Network World and Converge Digest emphasized the same point in their coverage. This story matters not because the internet is guaranteed to become mostly AI traffic overnight, but because agentic AI weakens old network planning assumptions one by one. As AI agents enter enterprise workflows, traffic is no longer bounded by the speed of human clicks. A software-speed agent that calls multiple providers and tools can turn one small user-facing feature into movement across a much larger infrastructure graph.

The conclusion is that agent reliability now has a wider boundary

Running AI agents reliably is no longer only about writing better prompts or choosing a stronger model. Model selection, prompt caching, RAG quality, tool permissions, sandbox isolation, evaluations, and human approvals still matter. Cisco's report adds network path and traffic shape to that list. If the path between agent logic and the model is the agent's spinal cord, then latency, packet loss, congestion, security inspection, and observability on that path are part of product reliability.

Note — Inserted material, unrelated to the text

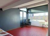 Landing with access to the large roof terrace (neighbours have converted this into an additional room – offering interesting possibilities!). There are three bedrooms (approx. 5.13 x 3.75 m, 4.20/3.20 x 2.92 m, and 4.20 x 2.11 m), including the master bedroom with an en-suite bathroom featuring a bathtub and washbasin. The second bathroom, accessible from the landing, includes a shower, washbasin, and toilet.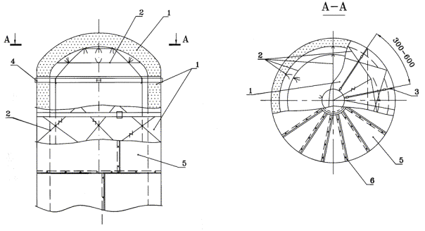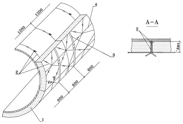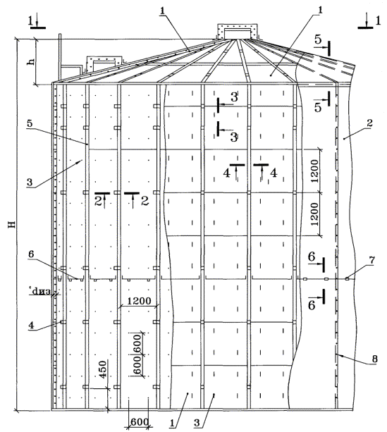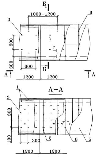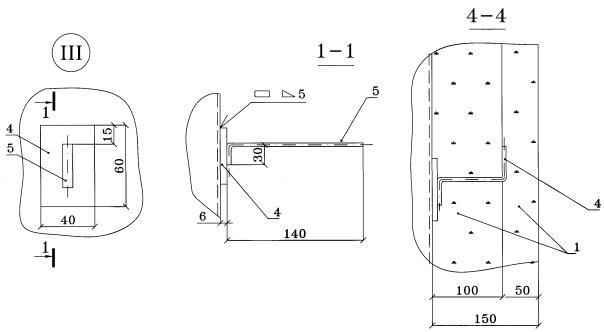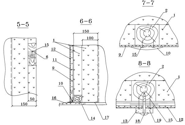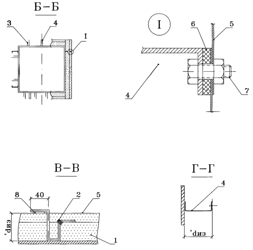 1 - плиты марки «ISOTEC KLS-K» 4 - накладка, приваренная к стенке резервуара 5 - штырь для крепления плит «KLS-K» внутреннего слоя Рис. 33. Разрезы 5-5 - 8-8 к рис. 31.

This does not mean every team should accept Cisco's long-range forecast and buy new network infrastructure immediately. A more practical first step is to connect agent run traces with traffic traces. Which tasks create how many inference calls? Which providers and regions do they cross? Why is upstream payload growing? How much do retries amplify traffic? Do long-running flows pressure the security stack's state management?

Once those answers exist, the team has options. It can shrink context, narrow retrieval, add caching, move a model closer to users or tools, run private inference, apply QoS, or monitor a specific agent path more closely. The next AI infrastructure bottleneck may appear outside the GPU. Cisco's most useful message is that agents are not merely applications that use models. They are software workers that continuously move the network.